Sambil duduk kedua kakak adik ini berkata” hetak-hentak batu seniting tinggi-tinggi
bumbung seruas, mak sama bak jahat makan puar nasi disangkah nasi sisik
bengkarung disangkah ikan sambil mengetakan bambu tadi, tiba-tiba batu tersebut
meninggi,kemabali lagi mereka mengucapkan itu” hetak-hentak batu seniting tinggi-
tinggi bumbung seruas, mak sama bak jahat makan puar nasi disangkah nasi sisik
bengkarung disangkah ikan sambil mengetakan bambu. Dan itu dilakukan berkali-kali
sampai akhirnya batu tersebut sudah sampai ke pintu langit, di pintu langit mereka
ditanya sama seekor burung piti” hai kalian berdua mengapa ada di sini, mereka
menajwab” kami diusir bapak sama ibu jadi kami mau tinggal di langit maukah kamu
membatu kami untuk melobangi pintu langit, asng burung pipitpun berkata baiklah saya
akan mematuk langit dingan paru saya, walaupun paru saya kecil, dan kembali ada
burung yang agak besar dari burung pipit menghampiri mereka dan bertanya.” Hai
mengapa kalian berdua ada di sini dan merka menjawab kami dusir bapak sama ibu
dari rumah maukah kamu menolong kami untu mematuk pintu langit, baiklah saya akan
mematuk pintu langit dengan paruh saya tapi kalian juga belum bisa masuk karena
paruh saya tidak terlalu besar, kedua kakak adik ini berkata tidak apa-apa kami
berterimakasih karena kamu sudah mau menolong kami.
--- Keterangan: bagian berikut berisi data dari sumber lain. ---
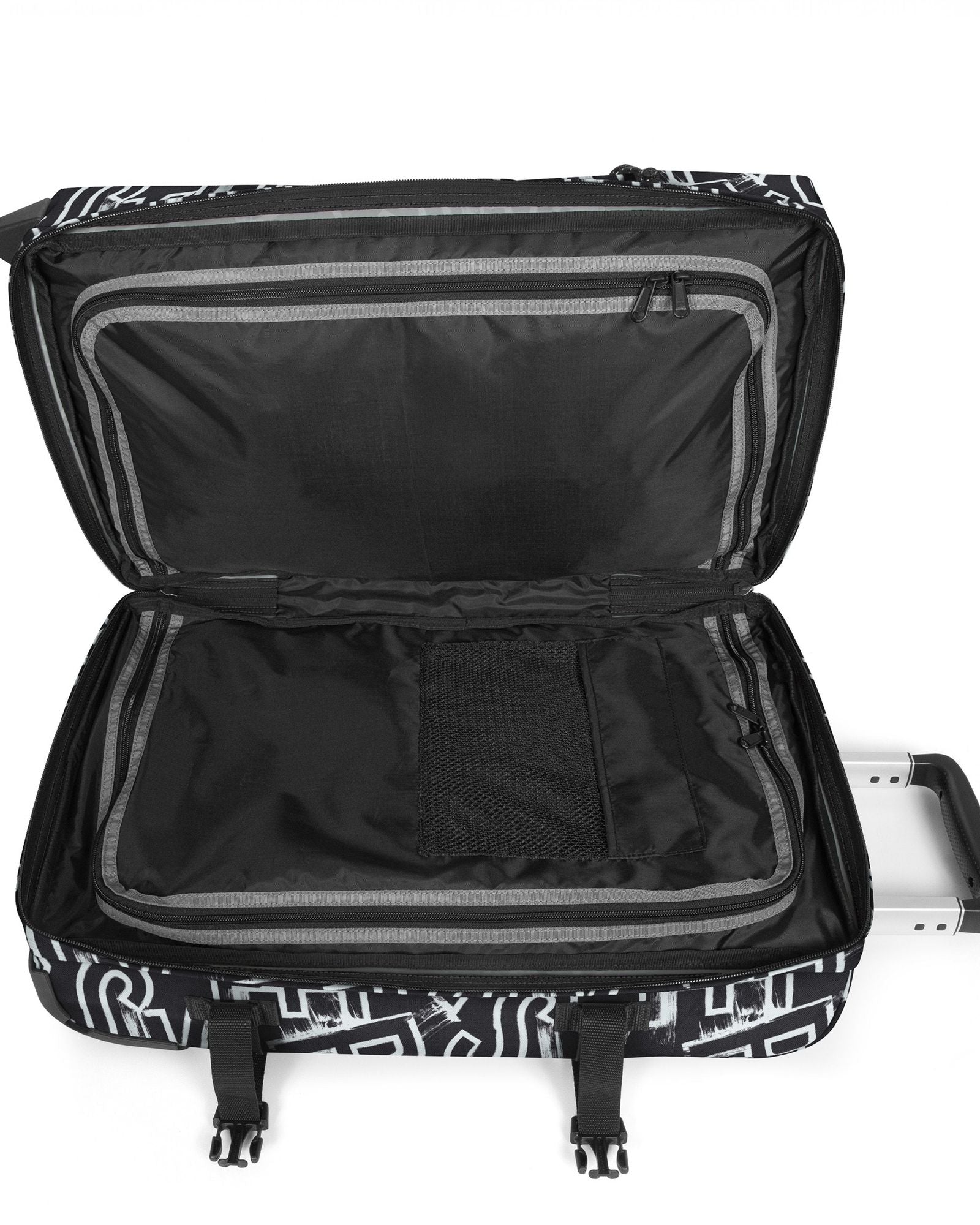 تتميز حقيبة السفر المحمولة لدينا بكتابات جريئة تُذكّر بفنون الجرافيتي الحضرية. املأ حجرات الأمتعة المزدوجة وثبّت أمتعتك بالقفل المدمج. تتميز هذه الحقيبة المتينة بأنابيب من الألومنيوم، وألواح واقية، ونقش ماسي على المقبض.

Begitulah seternya, sampai
akhirnya datanglang seekor burung garuda dengan kepala tujuh menghampiri mereka
dan bertanya,” hai kalian mengapa ada di sini, mereka menjawab kalau mereka diusir
dari rumah dan maukah engkau menolong kami untuk membuatkan kami pintu agar
kami bisa tinggal di langit, dan burung garuda kepala tujuhpun membantu dan mematuk
langit deng ketujuh paruhnya dan alhasil mereka berdua bisa masuk ke langit dan
mereka mengucapkan terimakasih kepada burung garuda,” terimakasih burung garuda
engkau telah menolong kami sehingga kami bisa masuk ke langit. Dan akhirnya kedua
kakak adik inipun tinggal di langit, ibu sama bapaknya menyesali apa yang mereka
lakukan kepada kedua anaknya. Tapi penyesalan sudah terlambat, mereka kehilangan
kedua anaknya hanya karena keegohan sang orang tua. Dan sampai saat inidesa
tersebut dinamakan pintu langit, karena memang tempatnya yang tinggi dibadingkan
dengan desa-desa lain di Bengkulu selatan.